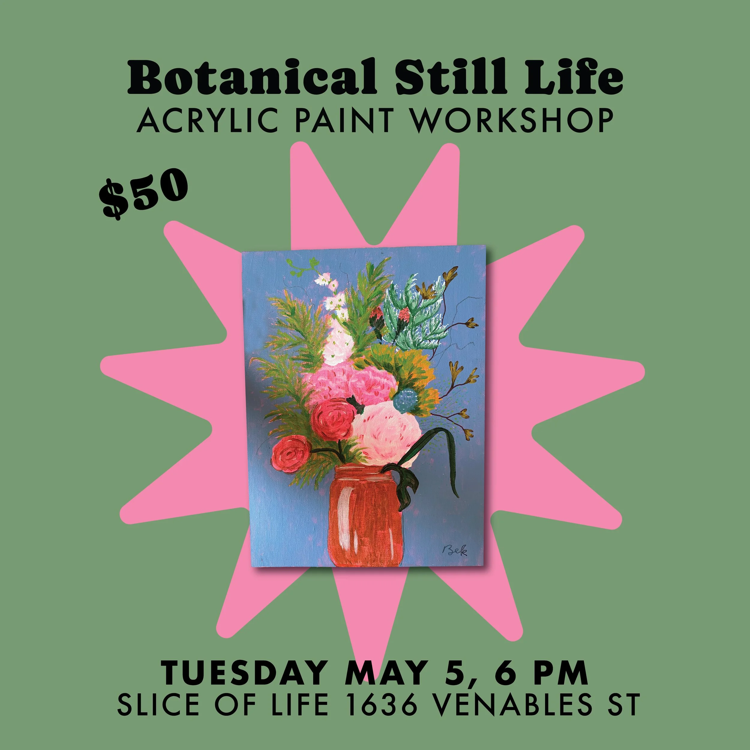 Learn to acrylic paint. In this class we will be painting a bouquet from life. Follow along and learn about underpainting, colour theory and composition. Leave with your own masterpiece.Materials included.
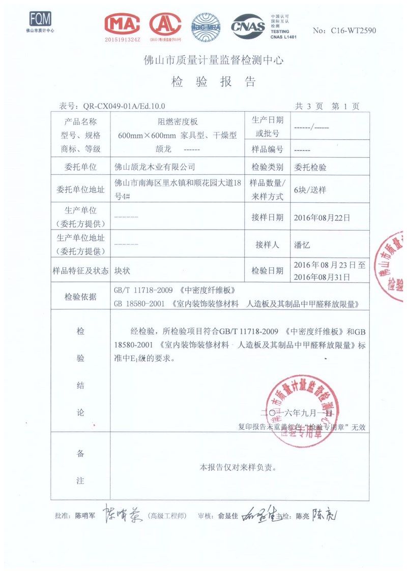 佛山頡龍木業有限公司,成立于2015年7月,集多種特殊板材的研發,生產,銷售于一體。主打產品包括有阻燃密度板,阻燃膠合板,A級阻燃板,防潮密度板等等。其標準有(國標B1-C,國標B1-B,美標ASTME84-A,英標BS476,歐標EN13501,澳標AS5637.1)廣泛應用于建筑裝飾、酒店裝修、家具制造、隔斷墻和地板等行業。產品的穩定性,優質的服務得到業內的認可。 佛山頡龍木業有限公司,自創立以來,以“誠信為本,優質產品,共贏互利”為發展宗旨,致力于打造優質功能板材。
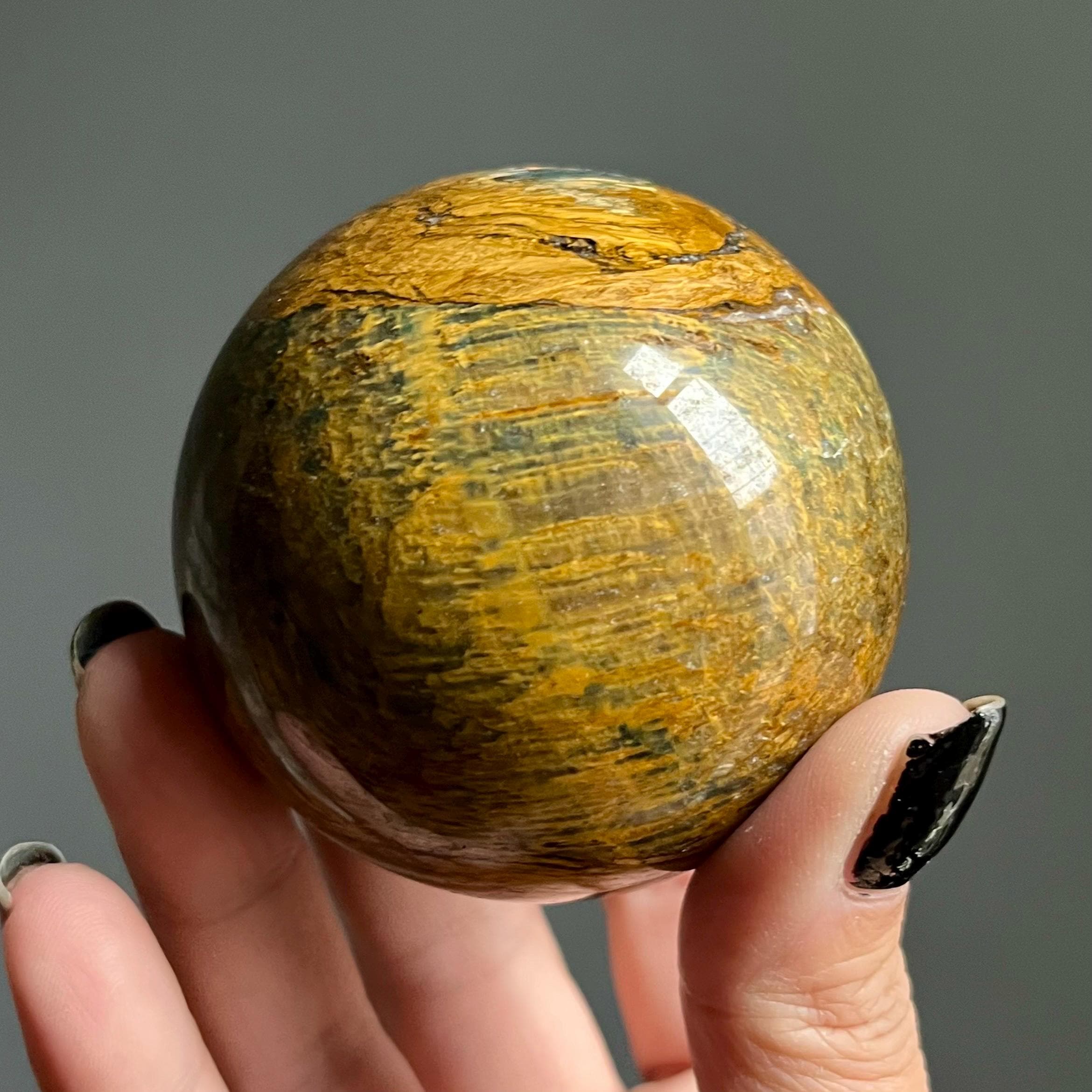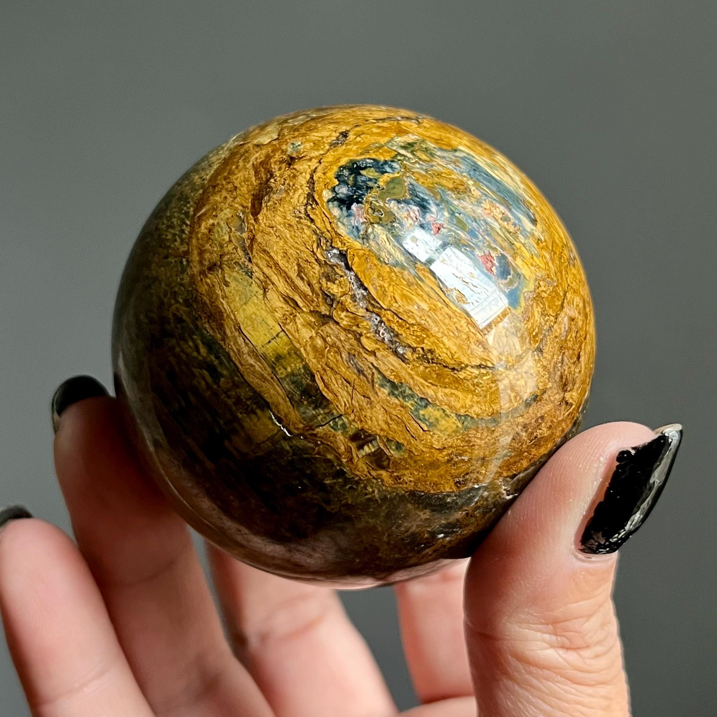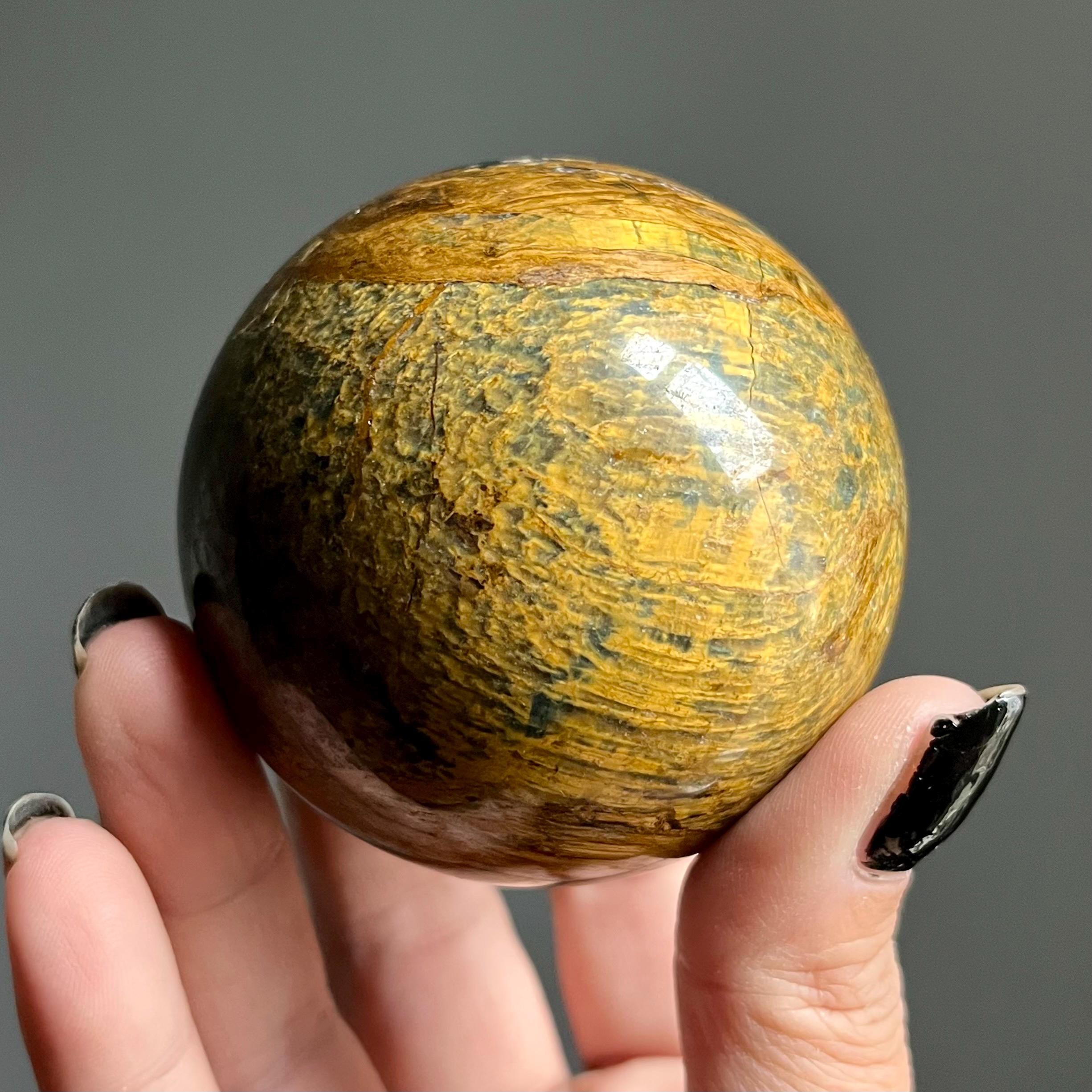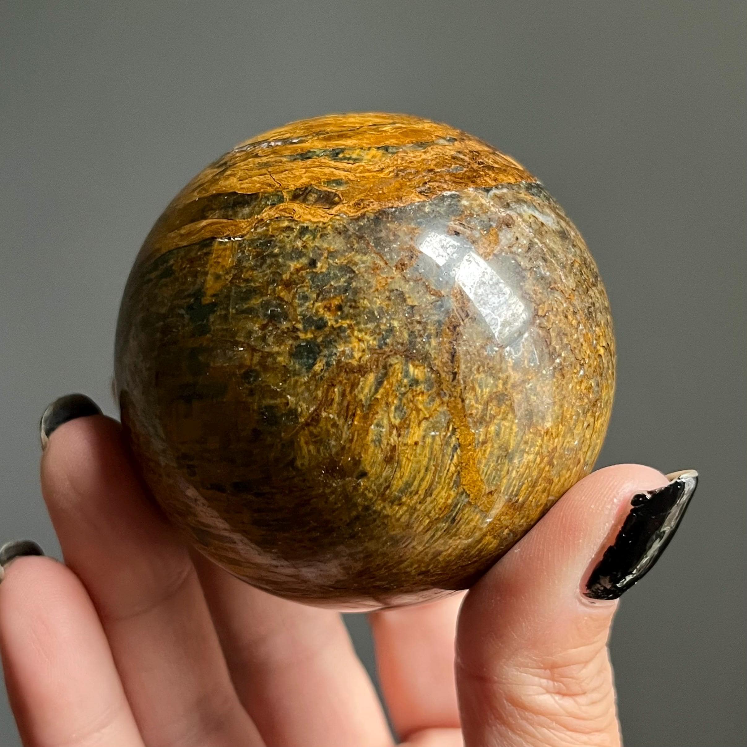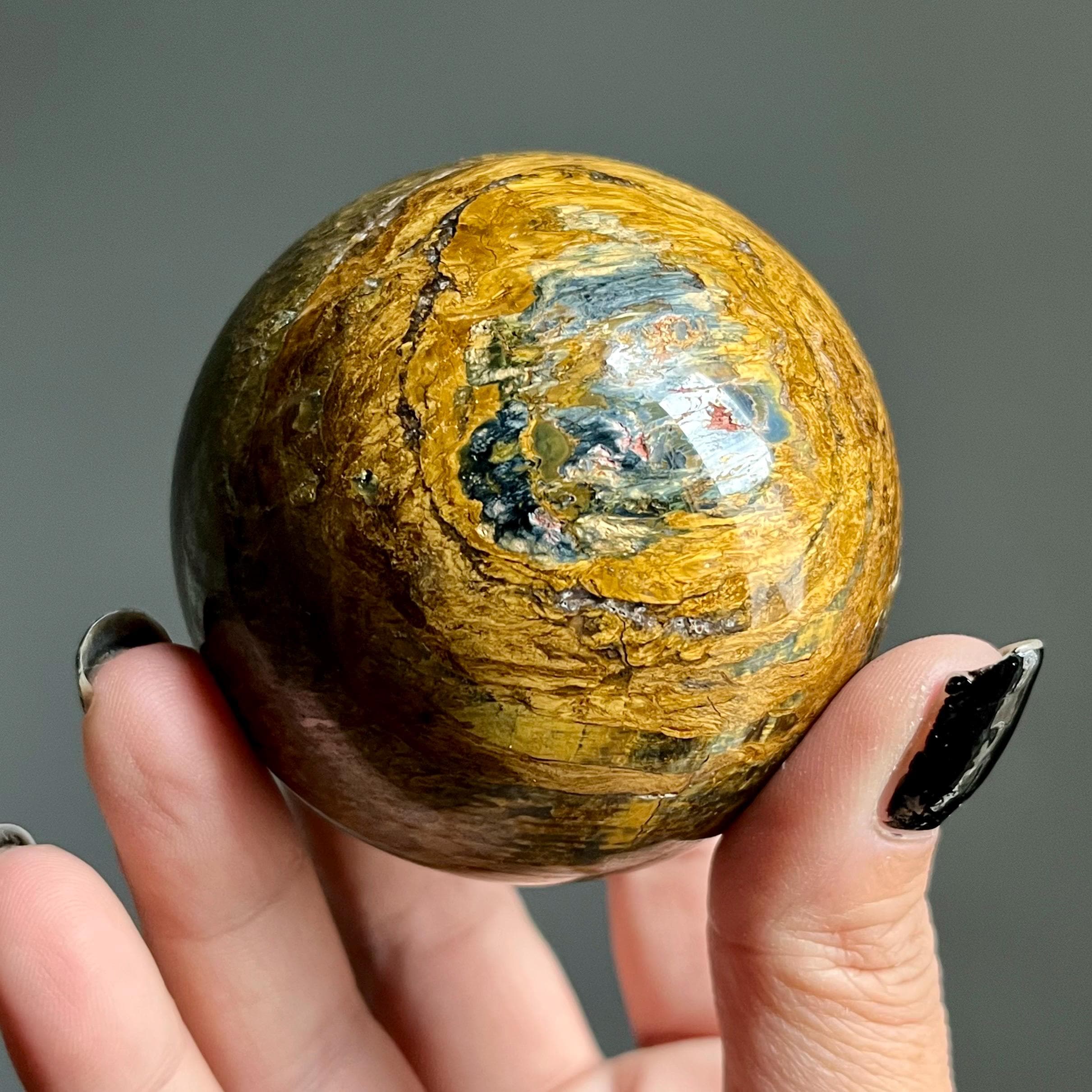 Weighing almost a pound, this large crystal sphere steps forward with brilliant chatoyant blue pietersite inclusions, the rarest manifestation of this extraordinary crystal being.
══════
• [Exercise]: Skip the pictures and restate exactly the lines from the beginning of the listing to the line with "佛山頡龍木業有限公司,成立于", that line included.

• [Response area]:
 Learn to acrylic paint. In this class we will be painting a bouquet from life. Follow along and learn about underpainting, colour theory and composition. Leave with your own masterpiece.Materials included.
 佛山頡龍木業有限公司,成立于2015年7月,集多種特殊板材的研發,生產,銷售于一體。主打產品包括有阻燃密度板,阻燃膠合板,A級阻燃板,防潮密度板等等。其標準有(國標B1-C,國標B1-B,美標ASTME84-A,英標BS476,歐標EN13501,澳標AS5637.1)廣泛應用于建筑裝飾、酒店裝修、家具制造、隔斷墻和地板等行業。產品的穩定性,優質的服務得到業內的認可。 佛山頡龍木業有限公司,自創立以來,以“誠信為本,優質產品,共贏互利”為發展宗旨,致力于打造優質功能板材。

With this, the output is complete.